Activity: Write out the line that holds "Add a festive" together with every line that follows it to the end of the material below, exactly. Omit the pictures.

----- Recorded data -----

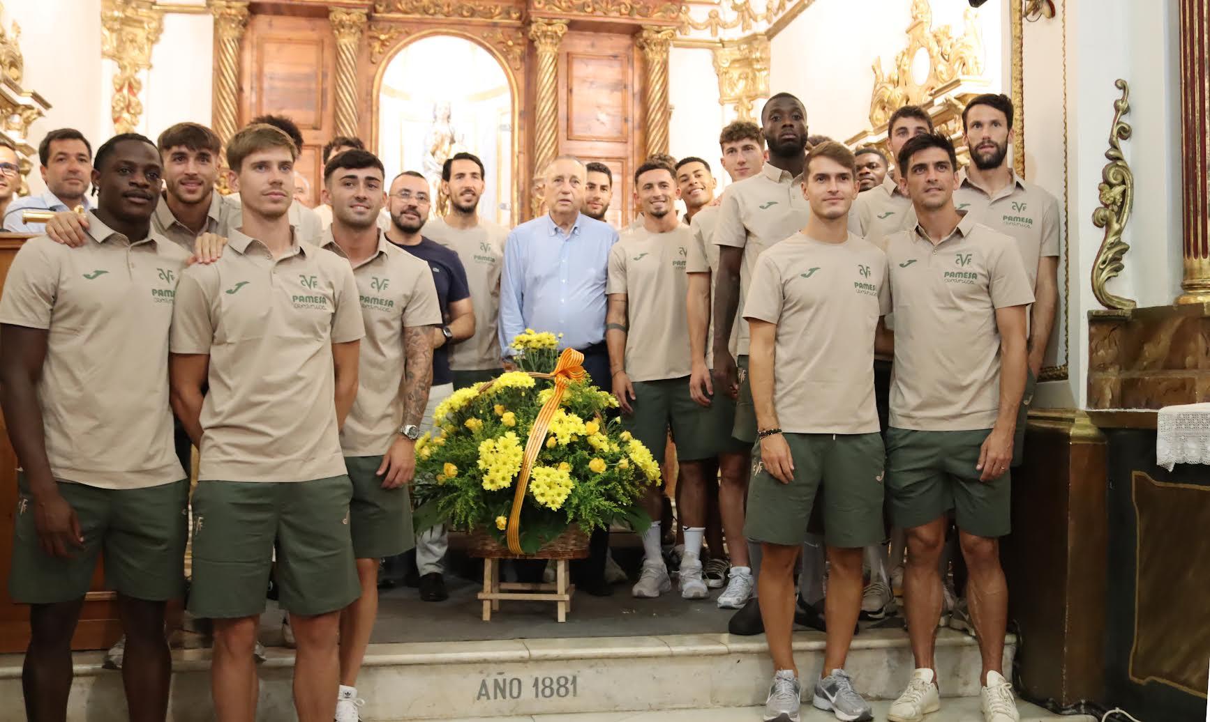 L’alcalde de Vila-real, José Benlloch, junt amb altres representants de la corporació municipal, ha acompanyat el Villarreal CF en la tradicional ofrena als patrons de la ciutat, realitzada enguany pel primer equip i part del cos tècnic i directiu.
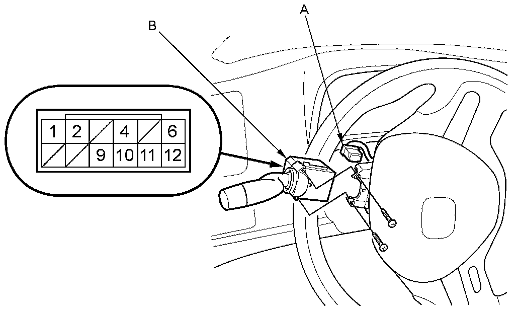3. Disconnect the 12P connector (A) from the combination light switch (B).
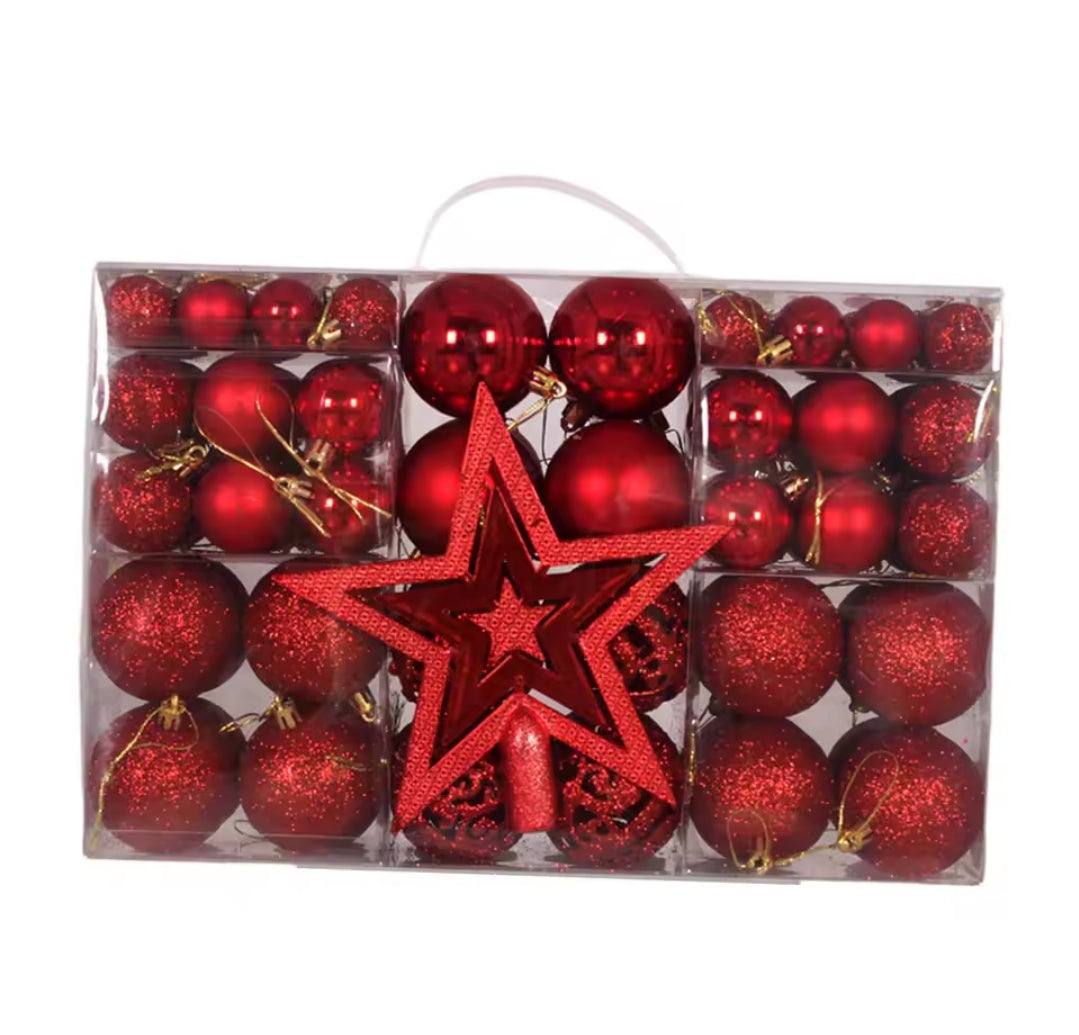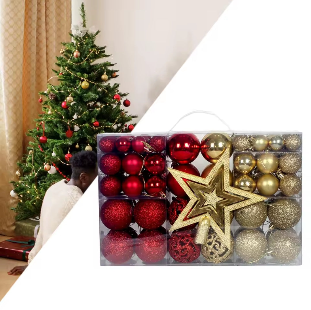 Add a festive touch to your Christmas tree with this complete 101-piece decoration set.
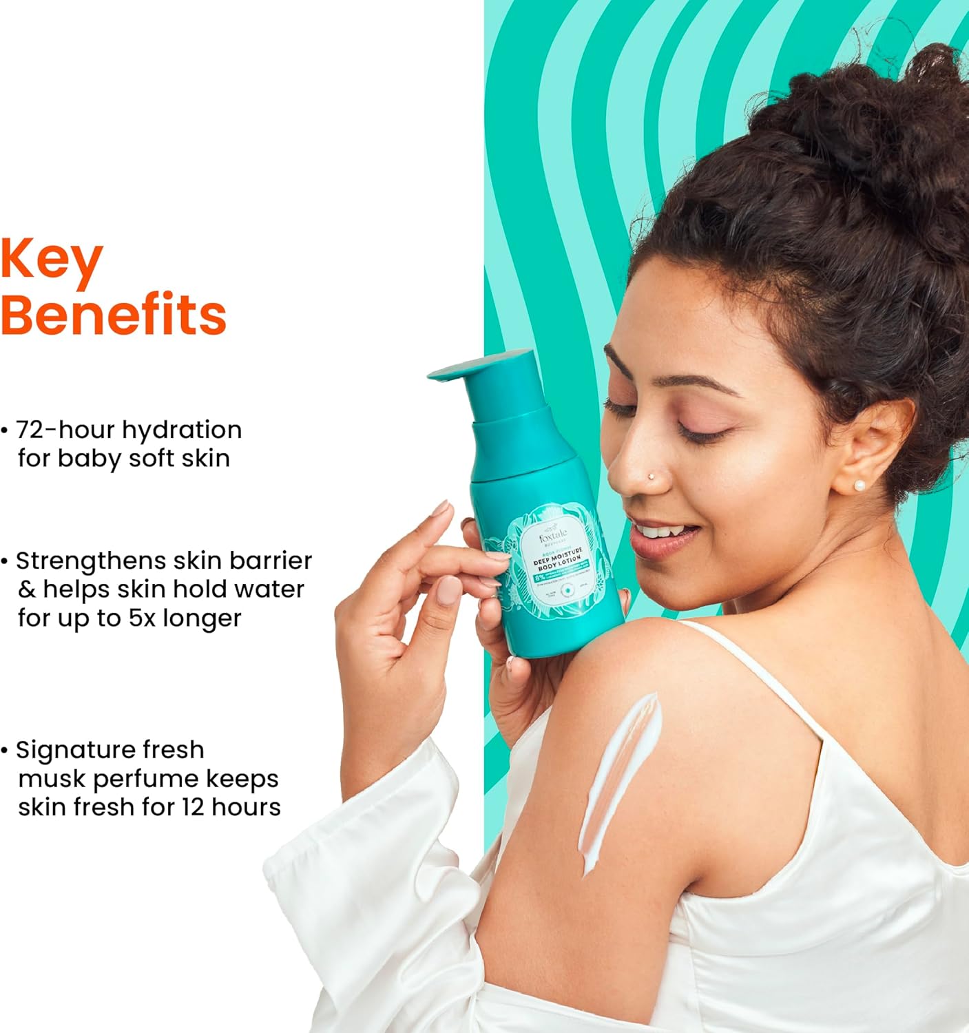 عطر يدوم طويلاً: يعمل لوشن الجسم المرطب هذا مثل العناية بالبشرة، ويرتدي مثل العطور. يترك عطرنا المميز رائحة المسك المنعشة التي تدوم طويلاً.

-----

Output below:
 Add a festive touch to your Christmas tree with this complete 101-piece decoration set.
 عطر يدوم طويلاً: يعمل لوشن الجسم المرطب هذا مثل العناية بالبشرة، ويرتدي مثل العطور. يترك عطرنا المميز رائحة المسك المنعشة التي تدوم طويلاً.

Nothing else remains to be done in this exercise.